What needs to be done:
Only the lines from the one containing "Screen 2 — Privacy" through the last line below belong in your copy; transcribe them exactly and omit any pictures.

Source data

*** Block opens ***

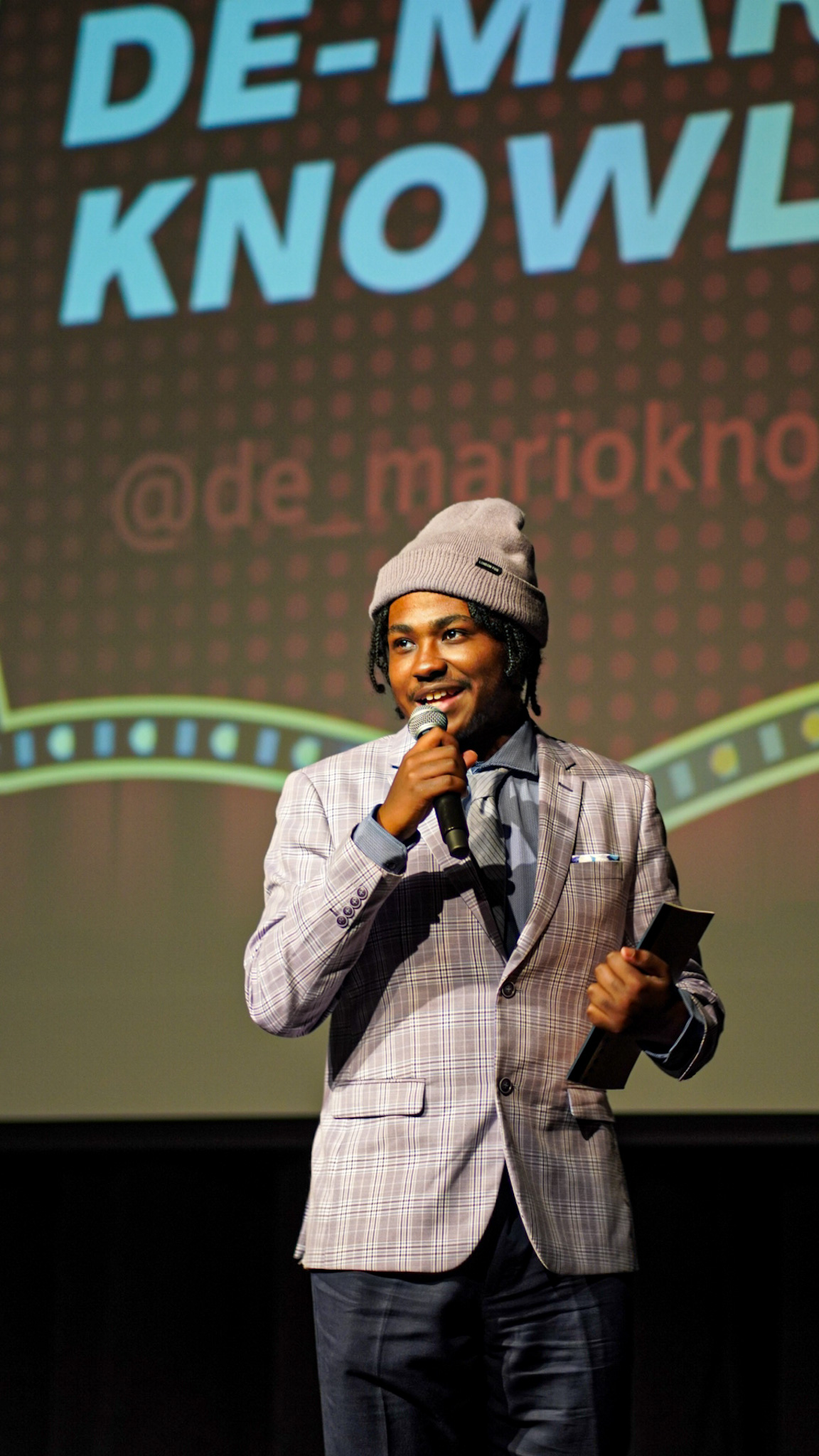 De-Mario Knowles is an eight-time award-winning keynote speaker, poet, and creative who is on a lifelong mission to make an IMPACT! His work has been recognized in several countries throughout the world, including Canada, America, Uganda, Pakistan, and India. He was rewarded the prestigious Lieutenant Governor’s Community Volunteer Award for his inspirational work, and he is currently pursuing an Honours Bachelor of Science at the University of Toronto in Neuroscience, Mental Health Studies, and French. Since 2021, the former Student Trustee has written over 15 poems about vulnerable topics such as body image, insecurities, and self-love. At his speeches, he can often be found with his trusty cameraman, TND Visuals.
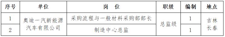 根据工作需要,现对奥迪一汽新能源汽车有限公司部分高级经理岗位面向社会公开招聘,具体内容如下:
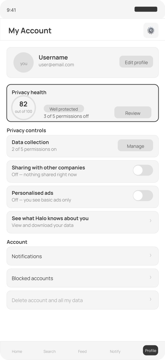 Screen 2 — Privacy settings on the account screen A privacy health score is visible directly on the account screen, not buried in settings. All privacy controls are in one place. Third party sharing and personalised ads are off by default. A data transparency link gives users direct access to everything Halo holds about them.
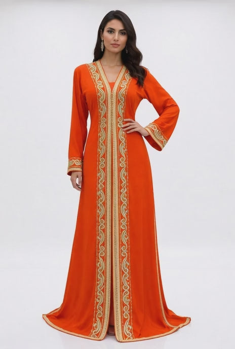 قفطان "شروق المنارة" البرتقالي بتطريز ذهبي انسيابي
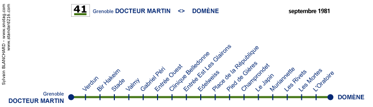 La ligne 41 est limitée à Docteur Martin, dans le centre-ville, et elle passe par l'avenue Gabriel Péri, au lieu de Ambroise Croizat, desservant Gabriel Péri, Clinique Belledonne et Les Glairons.

*** Block closes ***

Response to the task:
 Screen 2 — Privacy settings on the account screen A privacy health score is visible directly on the account screen, not buried in settings. All privacy controls are in one place. Third party sharing and personalised ads are off by default. A data transparency link gives users direct access to everything Halo holds about them.
 قفطان "شروق المنارة" البرتقالي بتطريز ذهبي انسيابي
 La ligne 41 est limitée à Docteur Martin, dans le centre-ville, et elle passe par l'avenue Gabriel Péri, au lieu de Ambroise Croizat, desservant Gabriel Péri, Clinique Belledonne et Les Glairons.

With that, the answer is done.